Family by Alejandro Cruz

Does anyone here know about dream interpretation?

I would check online but I’m kind of weary of their vague “accuracy.” That and I guess I would prefer some human insight…

There has been one reoccurring dream that has followed me throughout my childhood. As a New Year’s Resolution, of sorts, I’d like to make some sense of it, rather than just putting it out of my mind like my father tells me to. He says dreams are just bursts of random sensations and that they hold no weight in the world around us. I want to believe he is right, but my dream seems too structured to be ignored. It frightens me and leaves me with unshakable feelings of apprehension and premonition. I would greatly appreciate anyone’s help to make sense of it all.

Before I begin, I think it would be appropriate for a little background as it might help you understand why my dream is so strange.

I am an only child. My mother died in childbirth; this left my father the sole responsibility of providing for me. God, I wish I had known more about her. According to what my father says she was undoubtedly the most beautiful woman he had ever known. He says I have inherited most of her features which probably explains why I look almost nothing like him. My father is a very big man and the strongest person I’ve ever known. I have a faint memory of him pushing a tree down with his bare hands, though looking back now it was probably the product of a young and overactive imagination. Sometimes I have a hard time telling the two apart, dreams and memories…

My father is actually a very affectionate man. He often holds me like he did back when I was young. This may seem a bit weird to some being that I am now 18 years old, but I never really saw anything strange about a father still wanting to cradle his child. I guess in his eyes I will always be his little boy.

He is also very overprotective of me. He limits where I go and how long I stay there. The fact that I am seldom allowed to spend time with friends causes any possible relationship outside of home to fade quickly. When I ask about my cousins, aunts and uncles, my father’s responses often vary from “Oh, we lost contact.” to “Who cares?” depending on whether or not he’s sober at the time. Needless to say I was often very lonely growing up. Maybe this is what has led to the crazy thoughts I’ve been having lately.

The dream in question has been around for as long as I can remember. Initially, it would resurface every now and then but its frequency has increased throughout the years to the point that it is all I dream about. It always starts out the same. My bed dissolves and I plunge into the darkness of my eyelids. This leaves me with an uncertain sensation of falling, floating, and rising all at the same time. After a few minutes of being suspended, my body shivers and I shrink smaller and smaller until…

I’m a kid again and I am alone in bed, in a room that feels strangely familiar. Everything is fuzzy. Sounds resonate as if I were inside of a bubble. I hear footsteps coming from down the hallway and smile to see a man and a woman at the door way; people that I never remember meeting. The woman is beautiful and has long and wavy brown hair like me. The man has a kind face and has short black hair.

The man beckons me to run to his arms and I do so excitedly. I can’t explain it, but I know them. I feel like they could be some forgotten close relatives or something.
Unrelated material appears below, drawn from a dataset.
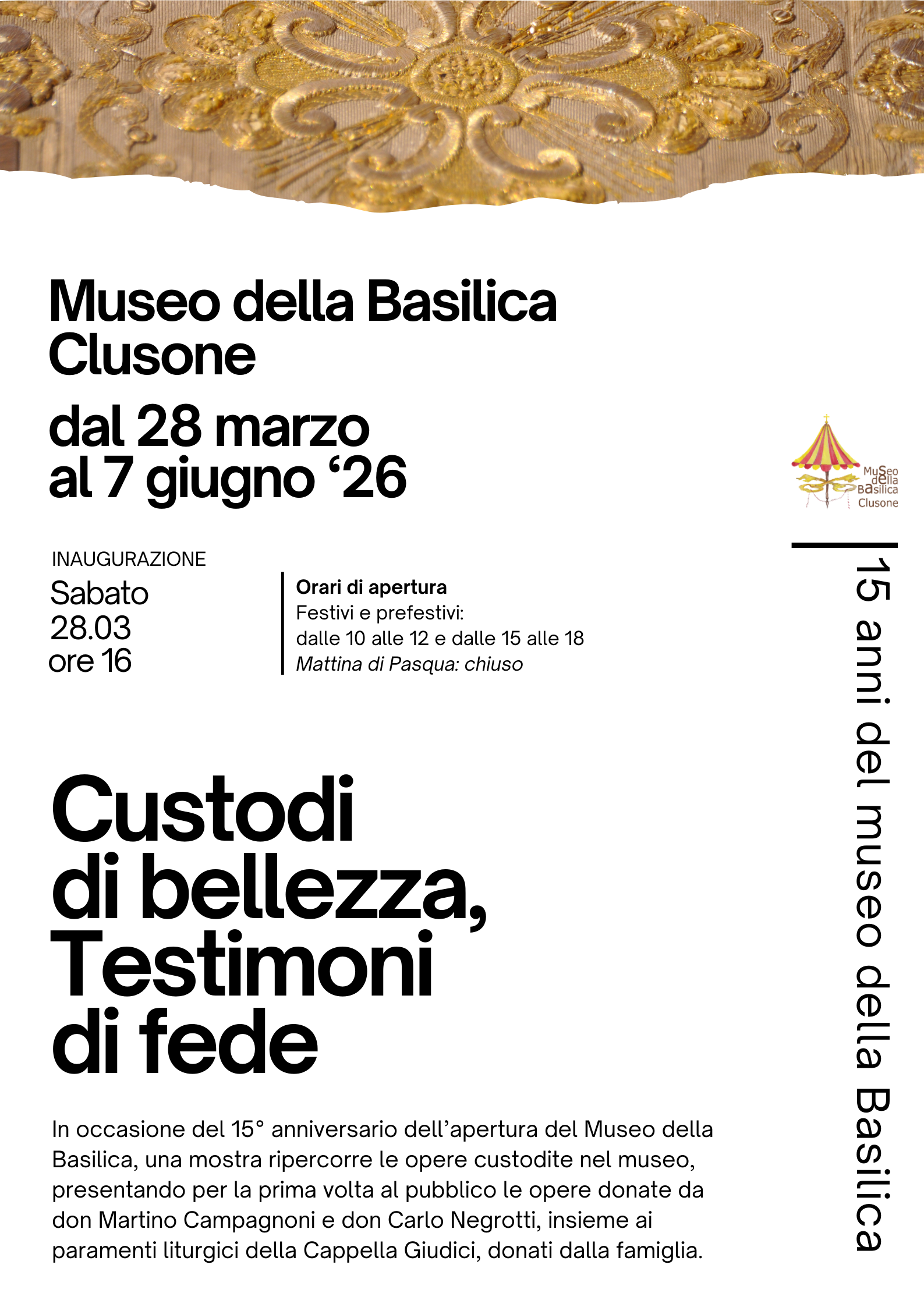 Proseguono le iniziative delle ยซSettimane della Culturaยป con una mostra in occasione del quindicesimo anniversario del Museo della Basilica a cura della Parrocchia S. M. Assunta e S. G. Battista Clusone.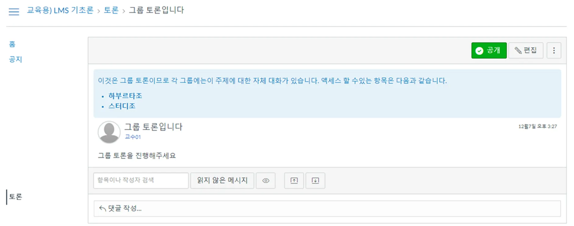 토론 학습 활동을 생성할 때 ‘그룹 토론’ 옵션을 체크하여 그룹(팀 프로젝트)안에서 그룹 구성원들끼리 진행하는 토론을 생성할 수 있습니다.

I smile in the man’s loving embrace.

The hazy reality around me stabilizes and even sharpens its details, colors brighten, and I come to the realization that this woman may be my deceased mother but my father is nowhere to be seen. Seeing my mother alive is very puzzling. The dream then flashes to a brief scene of me in my backyard playing freeze tag with some kids while a swarm of adults sit nearby talking and drinking. It is there far in the sea of faces where I see my father almost out of sight, standing behind some trees at the opening of a forest. He is not laughing like the others. He looks like he is hiding. He’s concentrating hard on something. I pinpoint his gaze and realize that he is staring at the woman who could be my mother, who is now dancing with the man from before. I hear my heart pound from inside my chest; it beats much like a ritual drum, faster and faster until I pass out. There is a period of silence.

I am back in bed and it is dark. The ceiling fan whirls around my head. It is then when I hear creaking in the distance, creaking, then, footsteps. My father emerges from the blackness and takes me into his arms. He smiles with both eyes closed as if he is in bliss; then quietly carries me back out of the room. His arms strengthen their grip tighter and tighter until the darkness once again greets me, smothers me in its cold embrace. It is there where my dream ends.

It is probably nothing, but I’d like to know the significance of dreaming of something that couldn’t have happened.

Please get back to me whenever it is convenient for you, I have to leave for a while but will be back soon.